Company with local roots aims for moon
Apr 05, 2012 (Pittsburgh Post-Gazette - McClatchy-Tribune Information Services via COMTEX) --
Astrobotic Technology has altered its October 2015 mission to the moon in dramatic fashion.
It's headed to the lunar north pole to prospect for natural resources, including water and methane, and abandoning plans to land near the equator with a primary goal of winning the $30 million Google Lunar X Prize.
The new goal is to advance science by confirming the presence of resources necessary for colonization of the moon.
The space robotics company, which holds six NASA contracts to develop robotic equipment for moon missions, changed its strategy to take full scientific advantage of landing its first robot on the moon.
NASA, the European Space Agency, Japan, India and China all completed recent satellite orbits of the moon that indicated the presence of water and other resources there, but without confirmation.
Astrobotic's Polaris robot, which is a lunar rover, also will be able to dig and drill for resources, then analyze and report its findings to Earth. Its landing would represent a major scientific step forward in moon exploration.
"If we get on the ground in the north pole and confirm the presence of resources, that would be the basis for a thriving lunar economy where we could create spacecraft fuel on the moon," said David Gump, Astrobotic president.
Twenty-six teams have joined the competition for the X Prize, which will go to the first private company to land on the moon and fulfill a series of tasks. Mr. Gump said Astrobotic is the first to announce that it has reserved a launch vehicle -- a Falcon 9 rocket from SpaceX -- to carry its robot and lander to the moon.
Led by noted Carnegie Mellon University roboticist William "Red" Whittaker, the company now is redesigning its Polaris robot to transform it into a lunar prospector. Because the weight the rocket can carry is set, any additional weight added to the robot must be subtracted from the lander, Mr. Gump said.
Originally, Astrobotic planned to land a robot near the moon's equator, which would travel across the lunar surface and send video back to Earth. The former plan also included a trip near the Apollo 11 landing site, where the first humans stepped on the lunar surface, and provide fresh video of the famous spot.

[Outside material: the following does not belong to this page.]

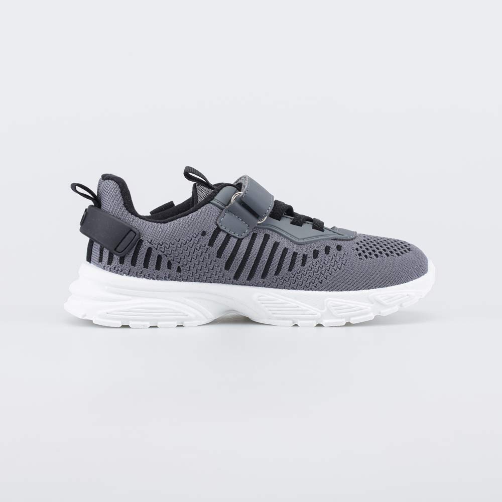 Верх серых кроссовок выполнен из вязаного полиэстера, который обеспечивает высокую воздухопроницаемость и сохраняет комфорт внутри детской обуви даже при длительной носке.

"The previous robot was designed to be a scout carrying cameras and making long-distance traverses," Mr. Gump said.
Astrobotic also plans to haul payload from space agencies and scientific institutions to the moon at a cost of $820,000 a pound.
Moon colonization largely depends on what natural resources exist there, initially at its poles. Water, split into hydrogen and oxygen, would help sustain human life while providing fuel for rockets to return to Earth or head deeper into the solar system, Mr. Gump said.
At the north pole, the robot will operate for 10 to 12 days of constant sunlight, then hibernate during the equal period of polar nighttime.
Mr. Gump said Astrobotic intends to land within 100 yards of its designated target.